**Assigned task:** With the pictures left aside, write out the entries that follow exactly.

**Source material:**
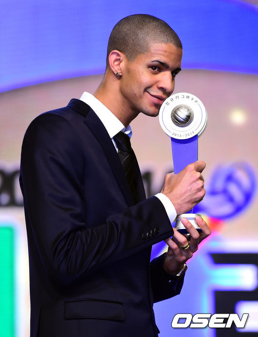 8일 오후 서울 여의도 63컨벤션센터 그랜드볼룸홀에서 진행된 'NH농협 2013-2014 V리그 시상식'에서 정규리그MVP를 수상한 대전 삼성화재 레오가 트로피 키스를 하고 있다.
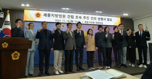 [충청뉴스 최형순 기자] 세종시의회 의원 일동은 18일 의회 대회의실에서 성명서를 통해 의회는 세종시민의 기대에 부응하여 하루속히 세종지방법원 관련 예산 확보 및 실제 공사가 착공될 수 있도록 국회 차원이 각별한 관심과 지원을 건의했다.
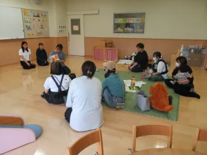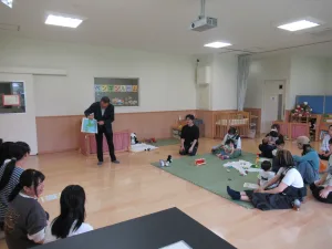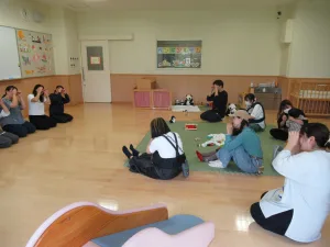 恒例となりましたが、今回は、表現力スキルアップ講座の5名の学生に手遊びと絵本の読み聞かせをしてもらい、親子で楽しんでもらいました。
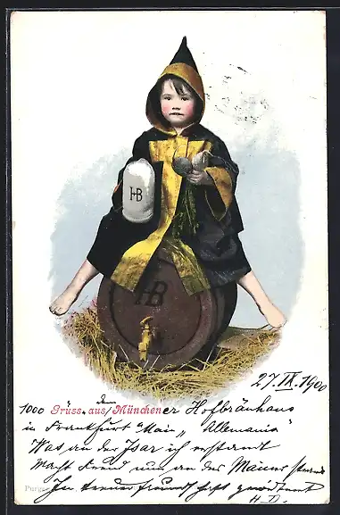 AK Münchner Kindl mit Rettich auf dem Bierfass
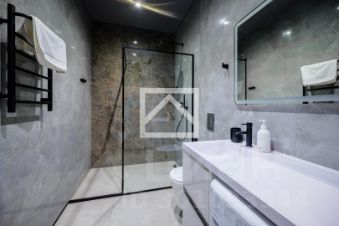 В апартаменте выполнена дизайнерская отделка с использованием качественных материалов. По периметру установлен водяной подогрев полов (Rehau). Кухня оснащена премиальной встроенной техникой.
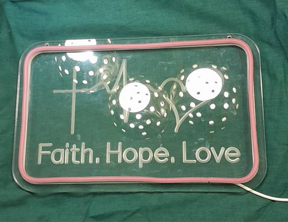 Plastic neon style sign with dimmer switch is 7 5/8" by 12 1/2". Pickup or shipping and handling will be $15 with payment of cash, check, Zelle or the CashApp

**Reply:**
 8일 오후 서울 여의도 63컨벤션센터 그랜드볼룸홀에서 진행된 'NH농협 2013-2014 V리그 시상식'에서 정규리그MVP를 수상한 대전 삼성화재 레오가 트로피 키스를 하고 있다.
 [충청뉴스 최형순 기자] 세종시의회 의원 일동은 18일 의회 대회의실에서 성명서를 통해 의회는 세종시민의 기대에 부응하여 하루속히 세종지방법원 관련 예산 확보 및 실제 공사가 착공될 수 있도록 국회 차원이 각별한 관심과 지원을 건의했다.
 恒例となりましたが、今回は、表現力スキルアップ講座の5名の学生に手遊びと絵本の読み聞かせをしてもらい、親子で楽しんでもらいました。
 AK Münchner Kindl mit Rettich auf dem Bierfass
 В апартаменте выполнена дизайнерская отделка с использованием качественных материалов. По периметру установлен водяной подогрев полов (Rehau). Кухня оснащена премиальной встроенной техникой.
 Plastic neon style sign with dimmer switch is 7 5/8" by 12 1/2". Pickup or shipping and handling will be $15 with payment of cash, check, Zelle or the CashApp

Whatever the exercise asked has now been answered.